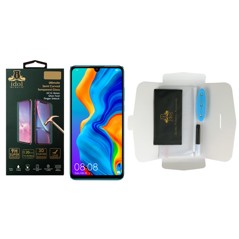 TEMPERED UV GLASS HUAWEI P30 LITE 6.15" 9H 0.15mm 7D SEMI WITH GLUE-TOOL FINGER UNLOCK FULL COVER TRANSPARENT
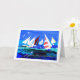 A Birthday Card with 'Happy Birthday' in French, with a seascape with yachts, from a handpainted paper collage by Judy Adamson. The inside is left blank for your own message and if you would like the front cover text changed, please contact me through my store.
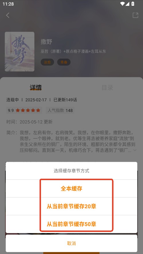 3.选择章数缓存即可。
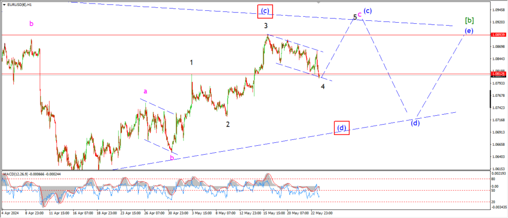 Watch for wave ‘5’ of ‘c’ of (c) to turn higher and complete with a break of 1.0893.
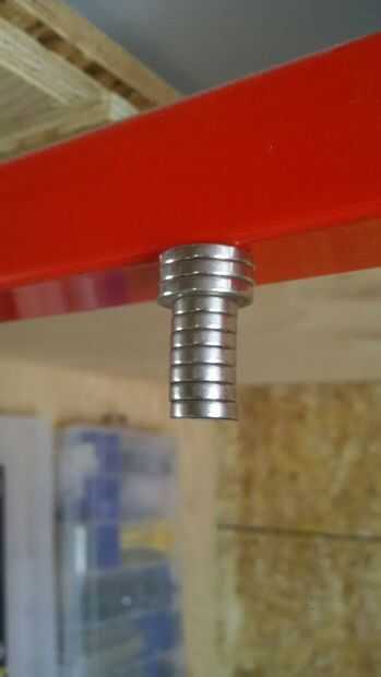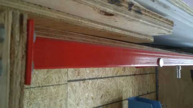 Lo primero que necesita es un riel de acero sobre el área de trabajo. La mía es esta belleza en el primer cuadro, hecho de tubo de 1 1/4" de acero y recubrimiento en polvo naranja. No hay necesidad de obtener lujo aunque. Todo lo que necesitas es una superficie estable encima de la cabeza para pegar imanes.
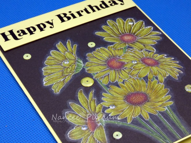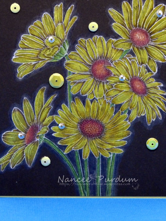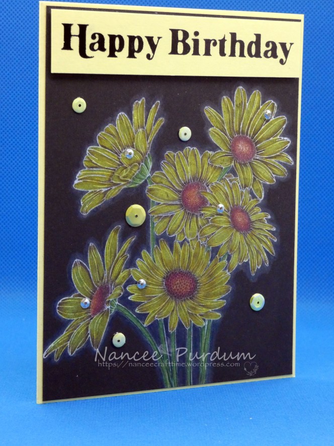 The stamp is from Simon Says Stamp, Daisy Bouquet. I stamped the image using white ink from Ink on 3. I love this ink. I have used several different white inks and always seem to have problems being able to see them. This ink was perfect! I used my Polychromo pencils to color in the image.
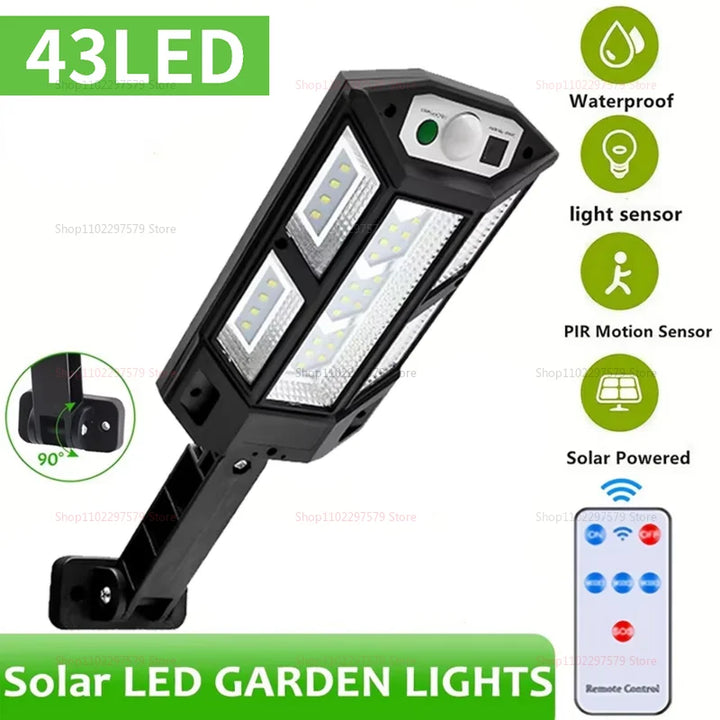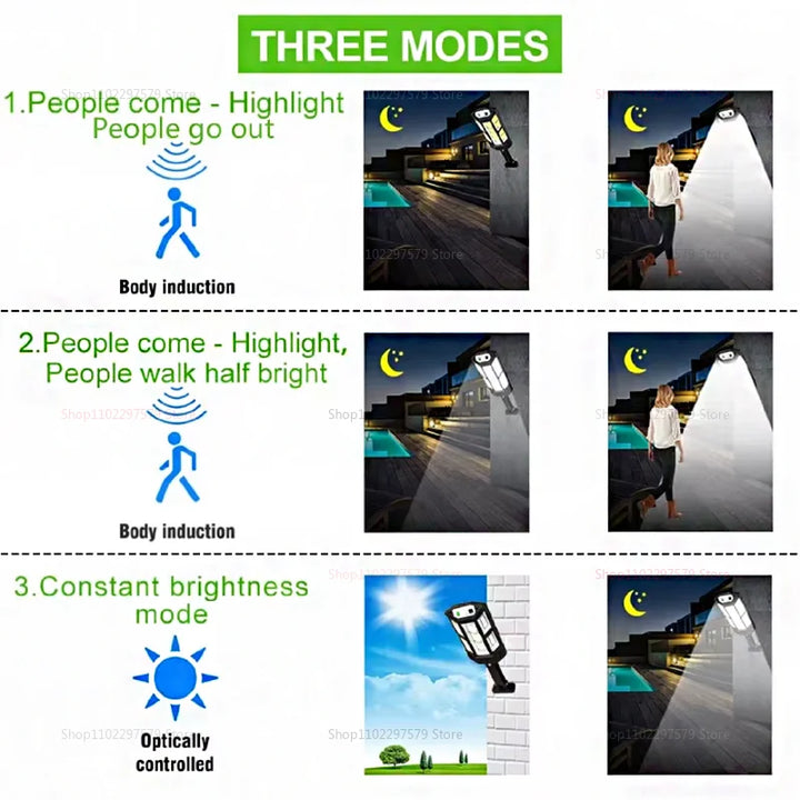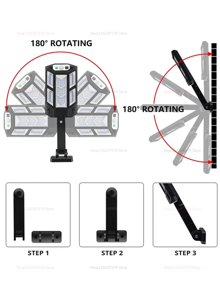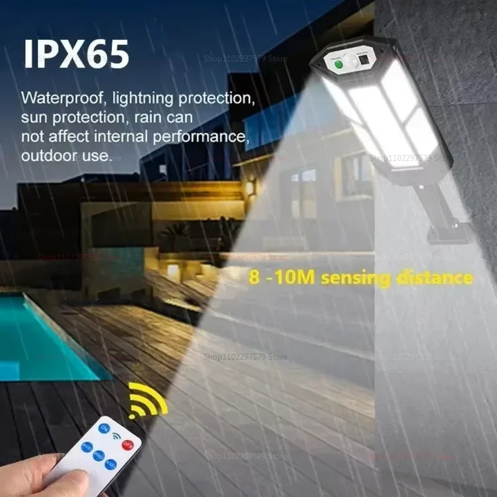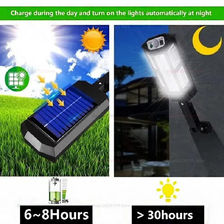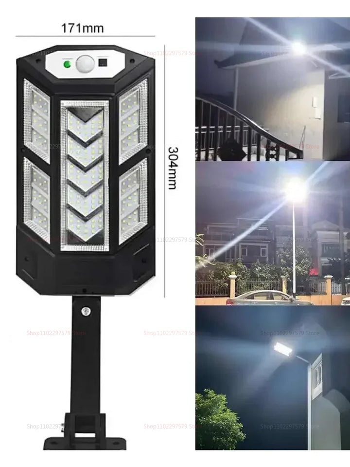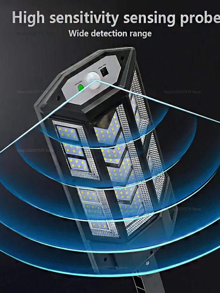 Upgrade your outdoor lighting with our advanced 9900LM solar-powered LED light, featuring a **three-sided design** and a **240-degree wide-angle illumination** — perfect for enhancing security and visibility in your yard, garden, driveway, or patio. Equipped with high-brightness LED wick technology, this solar security light delivers powerful lighting output, ensuring maximum brightness and coverage.

• • • •

Activity: Reproduce the listing word for word, but keep the pictures out of it.

Reply:
 TEMPERED UV GLASS HUAWEI P30 LITE 6.15" 9H 0.15mm 7D SEMI WITH GLUE-TOOL FINGER UNLOCK FULL COVER TRANSPARENT
 A Birthday Card with 'Happy Birthday' in French, with a seascape with yachts, from a handpainted paper collage by Judy Adamson. The inside is left blank for your own message and if you would like the front cover text changed, please contact me through my store.
 3.选择章数缓存即可。
 Watch for wave ‘5’ of ‘c’ of (c) to turn higher and complete with a break of 1.0893.
 Lo primero que necesita es un riel de acero sobre el área de trabajo. La mía es esta belleza en el primer cuadro, hecho de tubo de 1 1/4" de acero y recubrimiento en polvo naranja. No hay necesidad de obtener lujo aunque. Todo lo que necesitas es una superficie estable encima de la cabeza para pegar imanes.
 The stamp is from Simon Says Stamp, Daisy Bouquet. I stamped the image using white ink from Ink on 3. I love this ink. I have used several different white inks and always seem to have problems being able to see them. This ink was perfect! I used my Polychromo pencils to color in the image.
 Upgrade your outdoor lighting with our advanced 9900LM solar-powered LED light, featuring a **three-sided design** and a **240-degree wide-angle illumination** — perfect for enhancing security and visibility in your yard, garden, driveway, or patio. Equipped with high-brightness LED wick technology, this solar security light delivers powerful lighting output, ensuring maximum brightness and coverage.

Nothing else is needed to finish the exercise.